I was suddenly called to Berlin to the Ministry, to the Army Medical Inspectorate, and. t here I had to take over the department for the care of the sick for the hospitals and for everything connected with the sick. In 1932, after I had worked in that capacity for four years, I became defense district physician in Stuttgart; that is, I was the chief medical officer in this Wehrkreis. On the 1st of January 1935 I became Generalarzt, and as army group physician. I was sent to Dresden. I remained in this position until 1938. At that time I was transferred to Vienna, still as army group physician. In this position, as army group physician and later as army physician, I worked under Field Marshal List. I participated in the campaign in Poland and then in the campaign in France.
In October 1940 our army was sent back to the East, to Krakow, and there on the 5th of November I received an order from Berlin that I was to leave the same day for Berlin since the Army Medical Inspector was sick. On the 6th of November, in Berlin, I talked to Professor Waldmann very briefly. He was leaving immediately for a sanatorium in southern Germany since he was very seriously ill. On the 1st of January 1941 I was appointed his successor and also promoted to Generaloberstabsarzt. From 1941 on I was Army Medical Inspector, and later, Chief of the Wehrmacht Medical Service.
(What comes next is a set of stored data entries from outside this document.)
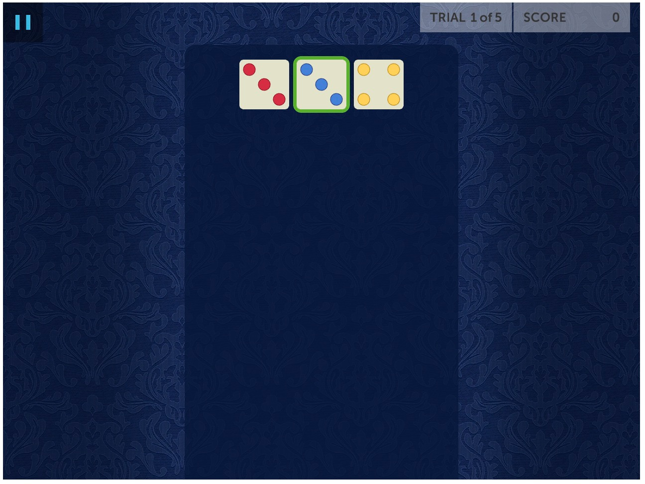As you progress through the game levels, additional rules and card properties become unlocked. Your trial score is dependent on your current level and your performance in the trial. Points are deducted for each sub-optimal card selection. If the trial is skipped, no points are earned.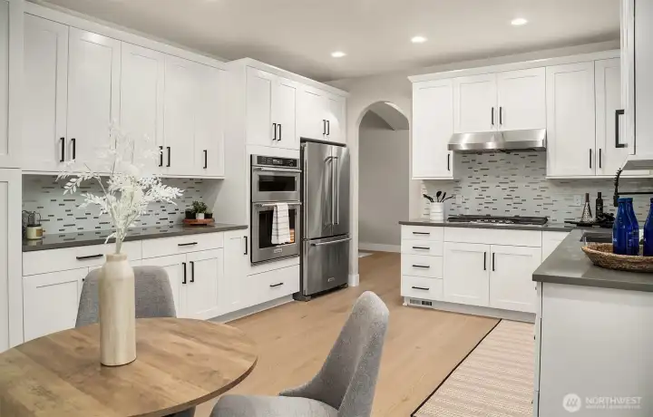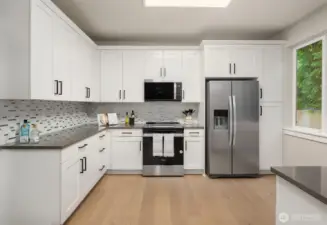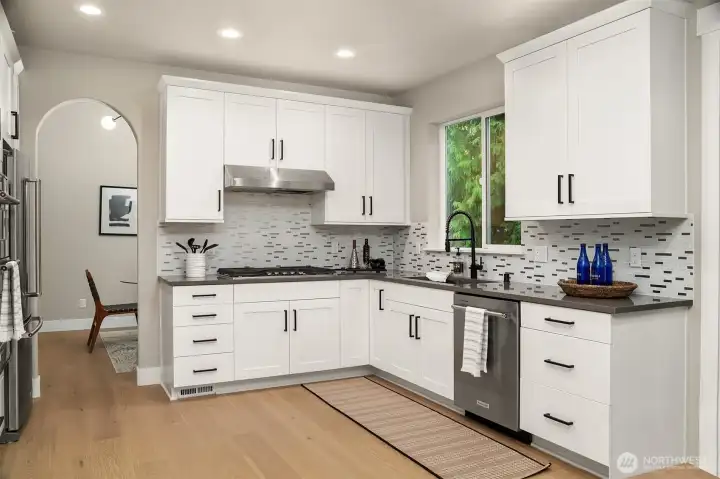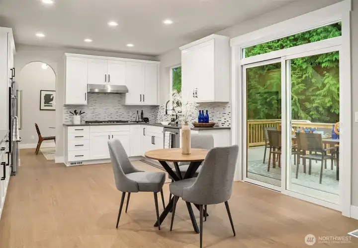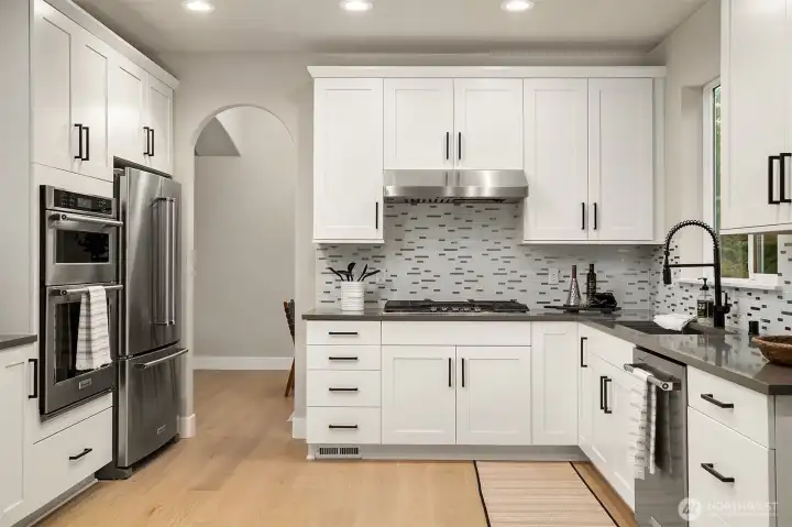 Nestled in Snohomish’s Kensington Estates neighborhood this studs-out 4-bed remodel is sure to impress. 3-car garage + separate rear garage for storage or toys. Thoughtfully designed w/ soaring ceilings & wide-plank oak hardwoods throughout the main. Every detail upgraded by Arcadia Homes: new light fixtures, hardware, flooring, kitchen, baths, deck, & driveway, showcasing their impeccable craftsmanship. Kitchen features white shaker-style cabinetry, quartz counters & sleek built-in appliances. Vaulted ceilings in spacious Primary Suite complete w/ skylight, WIC & 5-pc bath. Lower level includes rec room, full kitchen & bed —perfect for multi-generational living. Expansive backyard w/ deck & patio ideal for entertaining. Lake Stevens SD.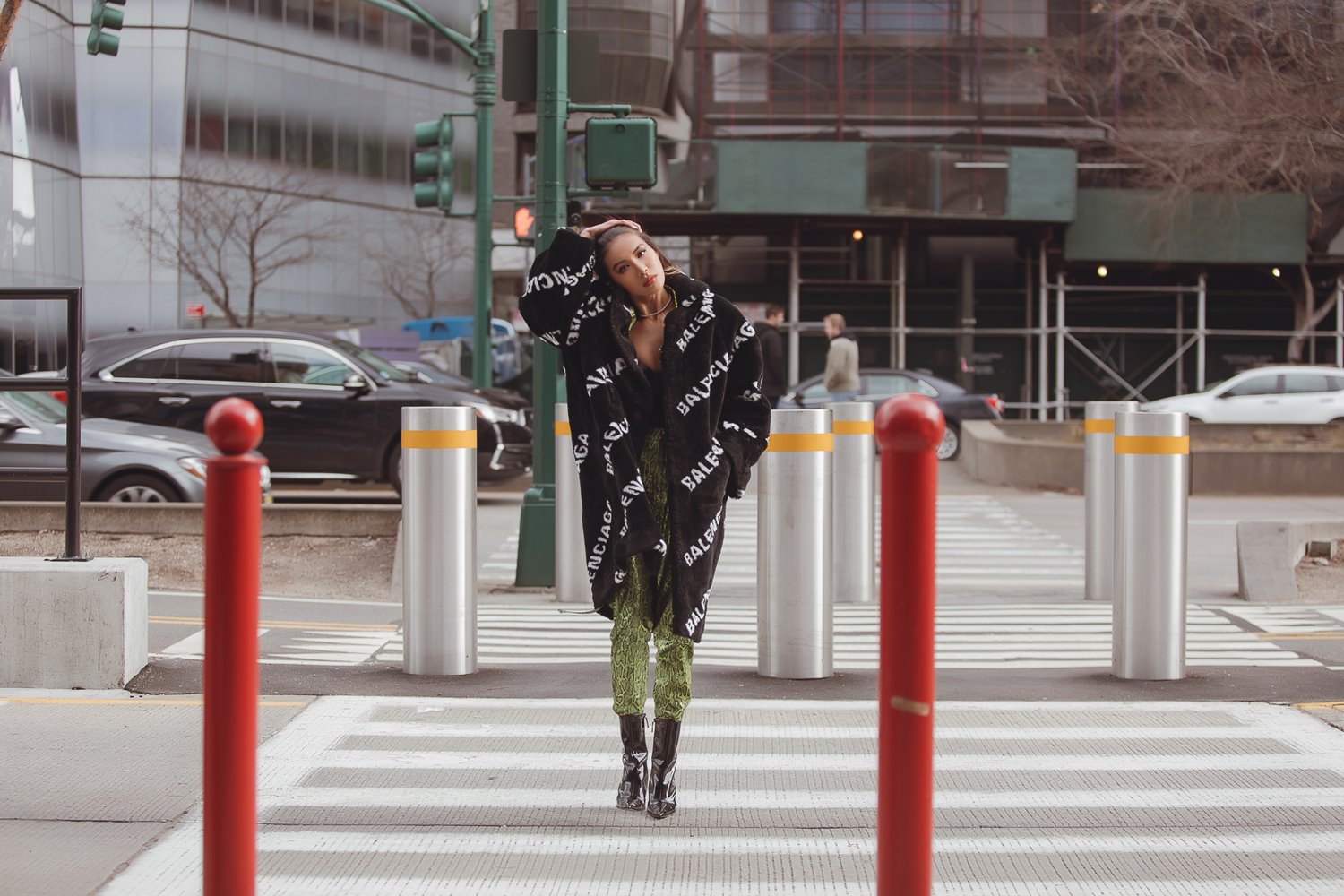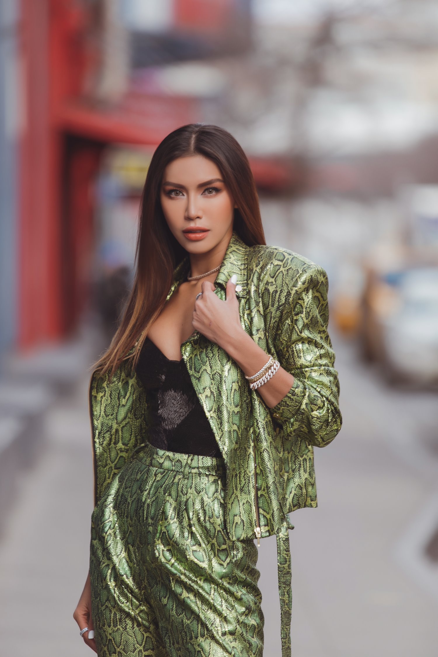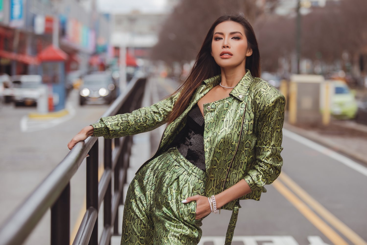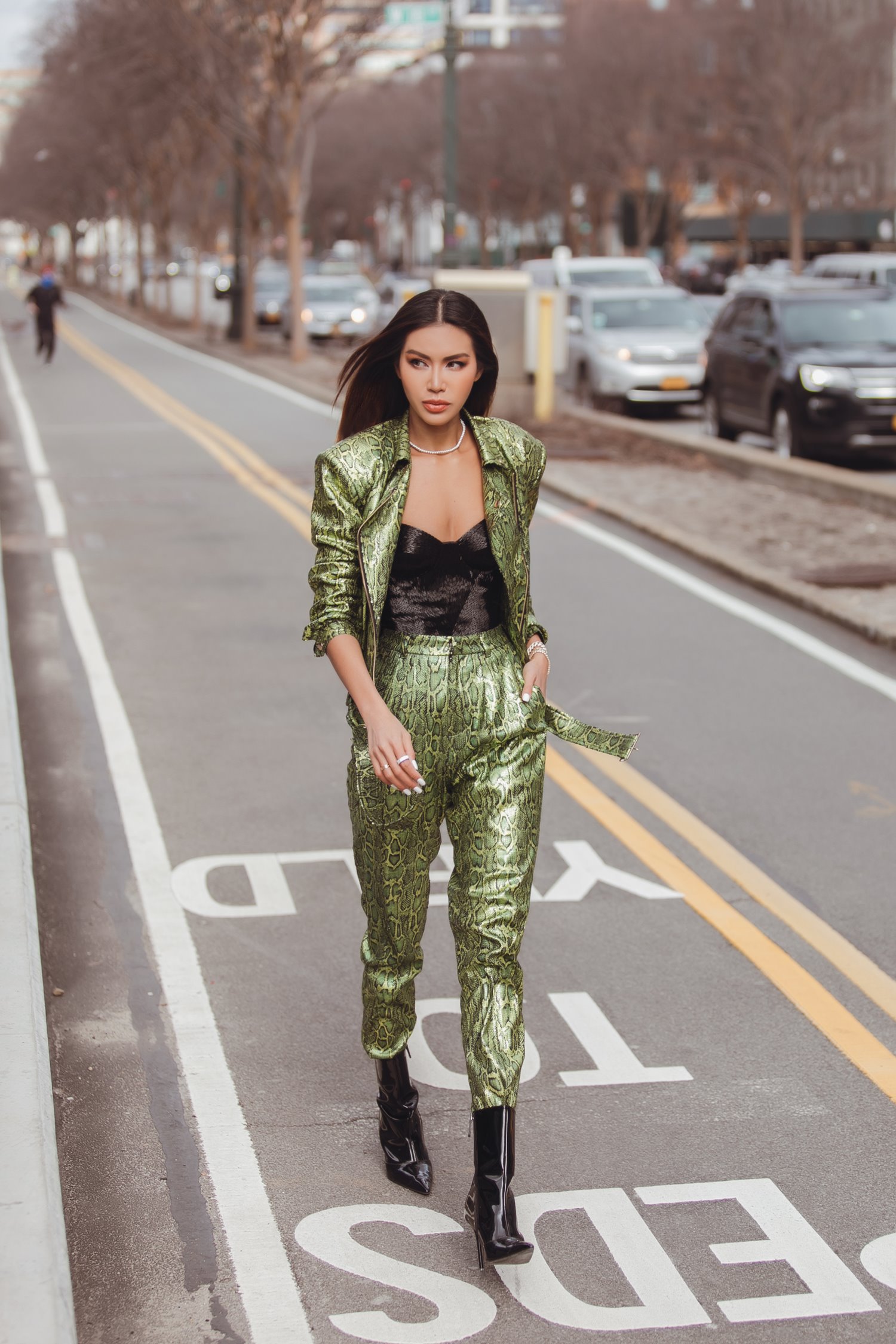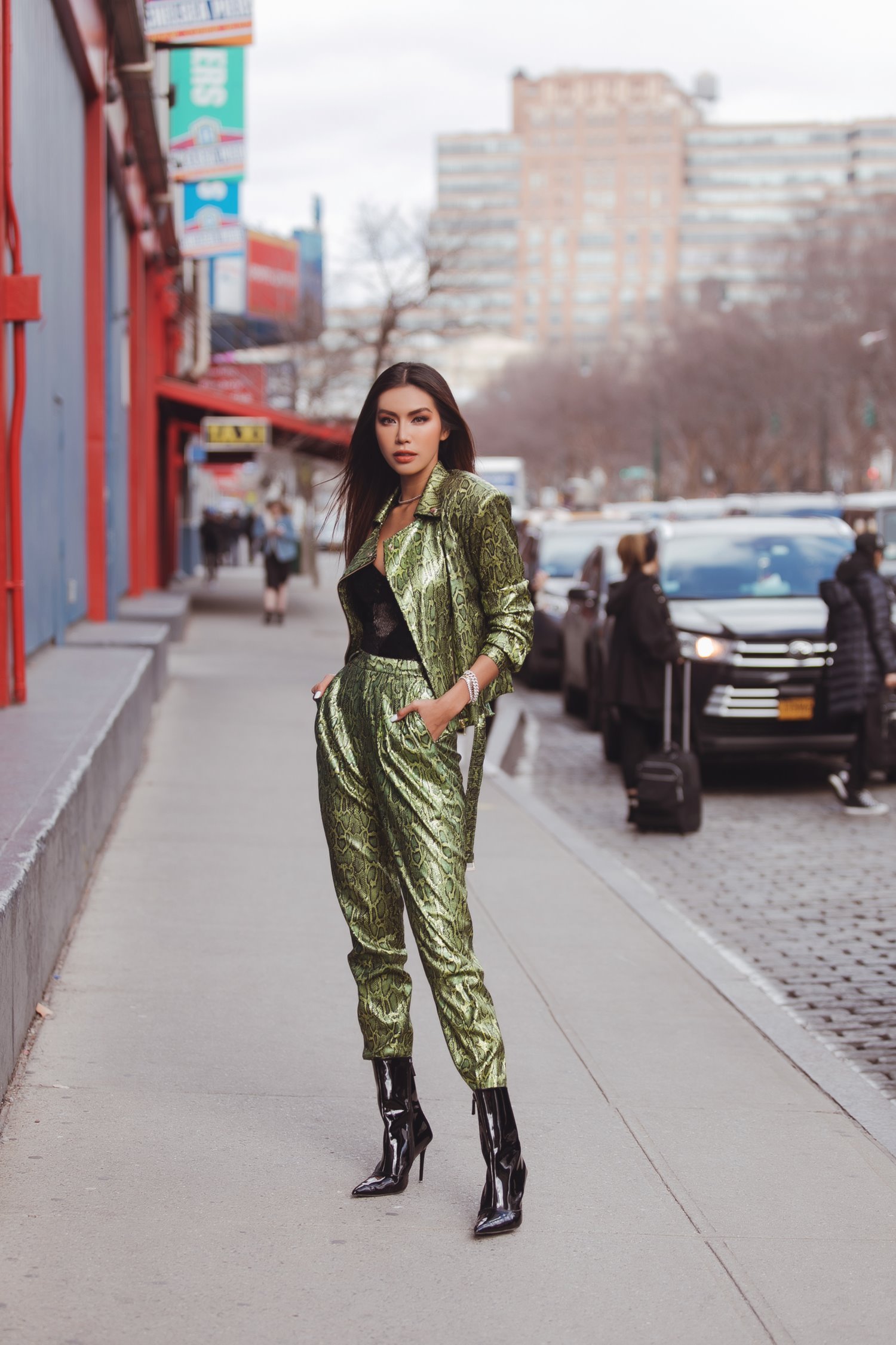 Cô ghi điểm với phong cách menswear, mạnh mẽ, cá tính cùng màu neon chủ đạo kết hợp với hoạ tiết da rắn đầy nổi bật ngay tại một trong sáu kinh đô thời trang lớn nhất thế giới.

Q: You had the position of Army physician Heeresarzt?
A: Yes.
Q: What happened after the capitulation?
A: In 1945 until the 21st of April I was near Berlin. I suddenly had to leave this post since the Russians were approaching. I went to the Northand came to the area of Flensburg. Field Marshal Keith was also there with a large part of the OKW. After the capitulation I as well as the rest of the OKW reported to the English staff and work developed since I was very frequently called upon to work out a number of questions.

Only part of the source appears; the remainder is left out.